Хватаюсь за аркан. Рядом с братом я — комар, жалкая пустяковина. Я, Айыы Умсур — плюнуть и растереть. Вся моя сила — прах. Всю мою силу не запряжешь в повозку, не заставишь таскать камни. Ну и что? Тяну. Тяну с Седьмых небес из Нижнего мира. Юрюн барахтается в едкой жиже. Левой рукой он вцепился в аркан, намотал ремни на локоть. Правой рукой он тащит кого-то из жижи. Да, теперь мне видно. Плохо, но видно. Кого ты тащишь, балбес? Брось! Брось немедленно! Мы и тебя-то одного...
Тяжело. Тяжело. Очень тяжело.
Очень далеко.
— Брось!
И ведь знаю, что он не бросит.
— Закон, — хрипит папа. — Закон нарушен!
Мама не позволяет ему упасть.
ПЕСНЯ ЧЕТВЕРТАЯ
Седловину священных гор,
Где рождается солнце-тойон,
Растоптали как творог, богатыри,
Сравняли с темной землей.
Огорчилось солнце-тойон,
Отвратилось от мира совсем
Светлой своей стороной,
Повернулось к миру оно
Черной своей стороной.
«Нюргун Боотур Стремительный»
1
Два калеки, три твари и кто-то шестой
Сгинула дивная юрта, как не бывало. И зеленый луг сгинул. Вместо них — каменистая осыпь: один неверный шаг, и скатишься в речку. Вон она, плещет-бурлит, по порогам белкой скачет.

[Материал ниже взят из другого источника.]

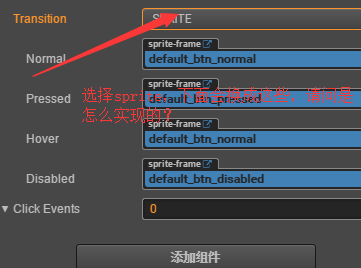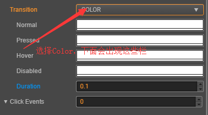 选择button中的transition,更换之后下面的属性面板会随之更新,比如,我选择了Color作为这个按钮的过渡模式,则下面会出现选择过度颜色的属性栏,选择了Sprite作为过渡模式,下面会显示选择sprite的属性栏。
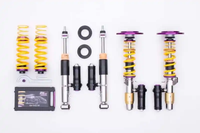 Designed to maximize the performance on vehicles with DOT-R and other ultra high-performance tire setups. KW V3 Clubsport coiloversare the ideal choice for double-duty street cars, use at HPDE’s(high performance drivers education), time attack or time trials, and club level racing. The Clubsport setup was specially designed on the Nordschleife and the continuous adjustable ride height allows for fine corner weight or making setup changes. The TVR-A and TVC-A valve technology -provide an unmatched level of separately adjustable damping for the rebound and compression enabling a customized set up appropriate for the vehicle’s modifications such as weight, tire characteristics, and other various conditions. The KW V3 Clubsport INOX-LINE coilover kit is the ideal tool for performance-oriented drivers and experienced tuning enthusiasts who place a strong emphasis on the overall performance of their suspension. The KW V3 Clubsport features patented TVR-A and TVC-A technology -hat provides separately adjustable rebound and compression damping. The extensive Adjustment -angle of the independently configurable rebound and compression make it easy to directly influence the steering behavior, directional stability, grip and handling characteristics for confident and repeatable results at the limit of driving dynamics.This Part Fits: Year Make Model Submodel 2015-2018 BMW M3 Base 2015-2020 BMW M4 Base 2019-2020 BMW M4 CS 2016 BMW M4 GTS
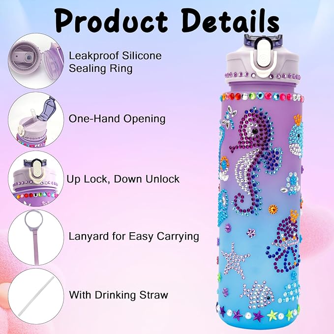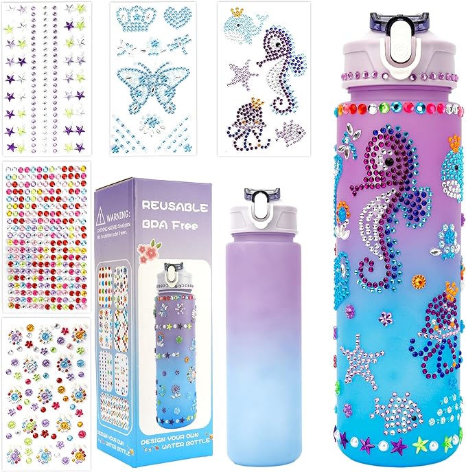 - Ideal DIY Gift for Girls: How special and interesting DIY gift for girls on any holiday or birthday! This fun and engaging art and craft supplies kit includes everything you need to beautify and personalize your water bottle craft kit! Keep girls busy with their favorite simple craft activities: Just peel off the glittery gemstone stickers and attach them to the water bottle!

Речка никуда не делась. И колодец с жижей тоже. Я валялся на самом краешке. Снизу пахну̀ло тошнотворным смрадом, и меня чуть не вывернуло наизнанку. Торопясь, я откатился подальше от вечно голодной пакости. Не хватало еще обратно сверзиться! И как я эту вонь выдержал?! Это потому, что внизу я боотуром был. А сейчас — усохший. Силы кончились, вот и усох.
Еще чуть-чуть, и усох бы до смерти.
Как это все-таки здо̀рово: лежать на спине, дышать чистым воздухом! Надо мной затягивалась дыра в облаках. В дыре болтался, извиваясь змеей, золотой волос — кто-то проворно втягивал его назад на небо.
Кто меня вытащил? Кого вытащил я?
Смутно помнилось: я вцепляюсь в спасительный волос, другой рукой, обжигаясь и рыча, шарю в гибельной топи, ищу неведомого друга. Эй, ты! Ты, кто поддерживал меня на плаву! Ты где? Ага, нашарил. Хватаю. Выскальзывает. Хватаю. Волос натягивается тетивой: вот-вот порвется. Жилы натягиваются тетивой: вот-вот порвутся.
Дальше — не помню.
Рядом зашевелились. Я с трудом приподнялся, опираясь на локоть.
— Я очень рад, что вы живы, уважаемый Юрюн Уолан.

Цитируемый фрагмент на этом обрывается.